8 scary trends for Orange County’s economy and job market
Orange County’s economy has clear strengths: low unemployment (4.2 percent in August), rising per capita income and job growth in several stand-out industries, from tourism to medical device manufacturing.
But disruptive new forces — along with some longstanding weaknesses — pose serious threats, as outlined in a 100-page Workforce Indicators Report, issued this week by the Orange County Development Board, a government agency, and the Orange County Business Council, a trade group of large companies.
“It is a time of change,” economist Wallace Walrod, the report’s chief author, told a gathering of 200 business executives, nonprofit representatives and government officials at an Irvine gathering last week. “Orange County faces some persistent, long-term problems.”

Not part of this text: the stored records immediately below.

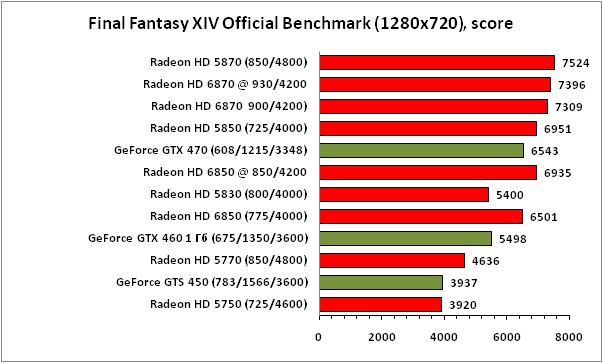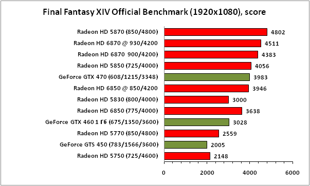 Результаты тестирования в Final Fantasy XIV Official Benchmark в особых комментариях не нуждаются. И Radeon HD 6850, и Radeon HD 6870 одержали уверенную победу в своей ценовой категории. Остаётся лишь отметить, что авторы этого теста предусмотрели свои оценки “играбильности” для разных диапазонов в баллах:
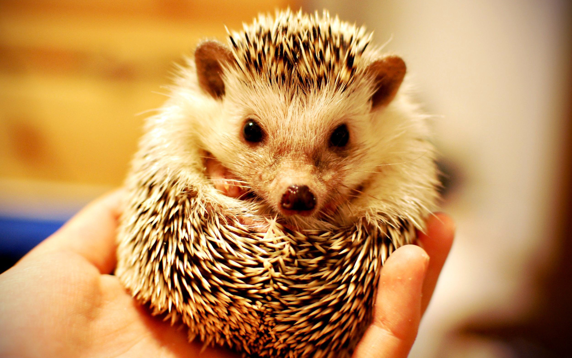 Description: A small hedge sitting in a persons hand next to a wall and a blue bowl of water in the background.
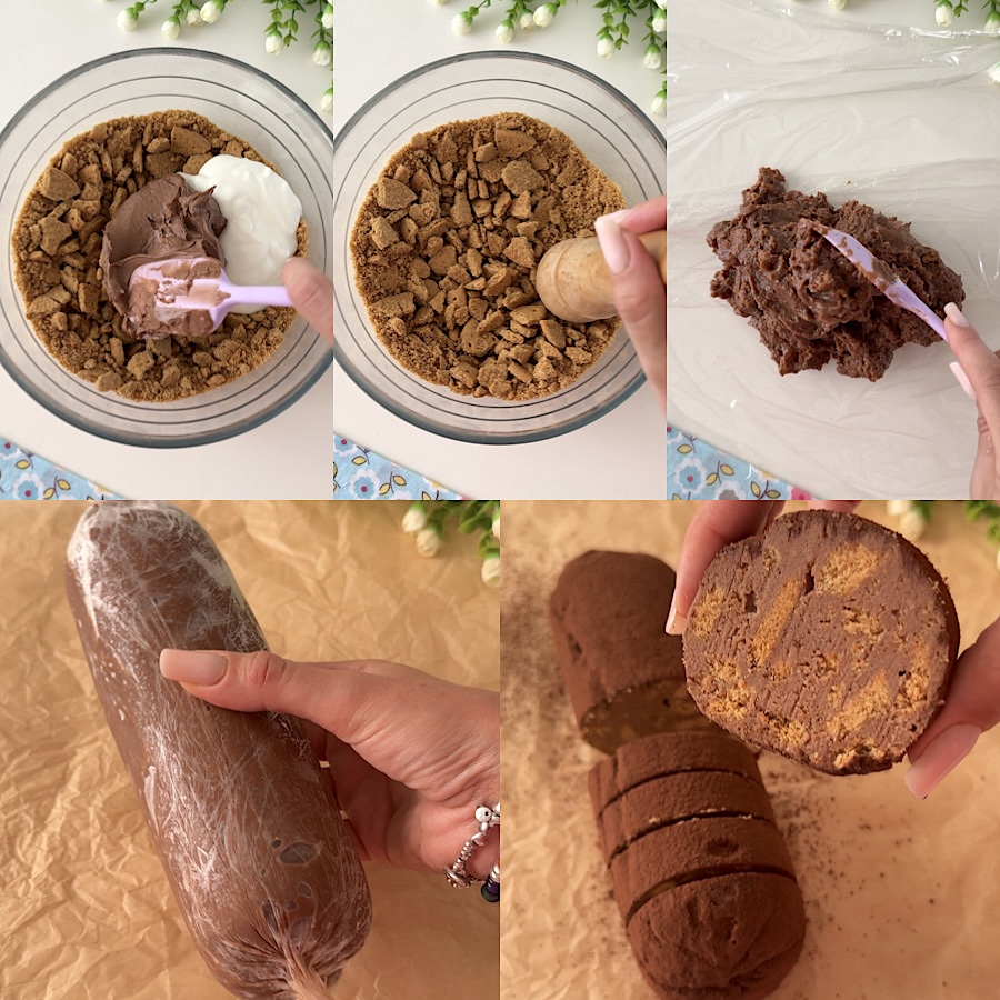 El salchichón de chocolate con yogur se conserva en la nevera por 3/4 días. Podéis usar el yogur que prefiráis, tanto blanco como del sabor que prefiráis (vainilla, café, coco). Yo elegí el sin azúcar, ya que usé también chocolate con leche y blanco, si usáis solo el negro, dado que no hay azúcares añadidos, podéis, si queréis, usar un yogur dulce para equilibrar.

Here are some of the more worrisome trends.
Between now and 2060 — that’s 43 years! — Orange County’s working-age population will grow by just 2 percent, and the proportion of children will shrink significantly.
So how will businesses find enough workers?
“Orange County’s high cost of living and lack of affordable workforce housing often price young workforce talent out of the area, potentially leading to a ‘brain drain,’” according to the report, which noted that employers already have a hard time finding enough skilled job candidates.
“A less robust workforce talent pool could make Orange County a less attractive destination for businesses.”
Schools will be forced to adjust. In the next decade, K-12 enrollment will shrink by 10 percent, according to the California Department of Finance.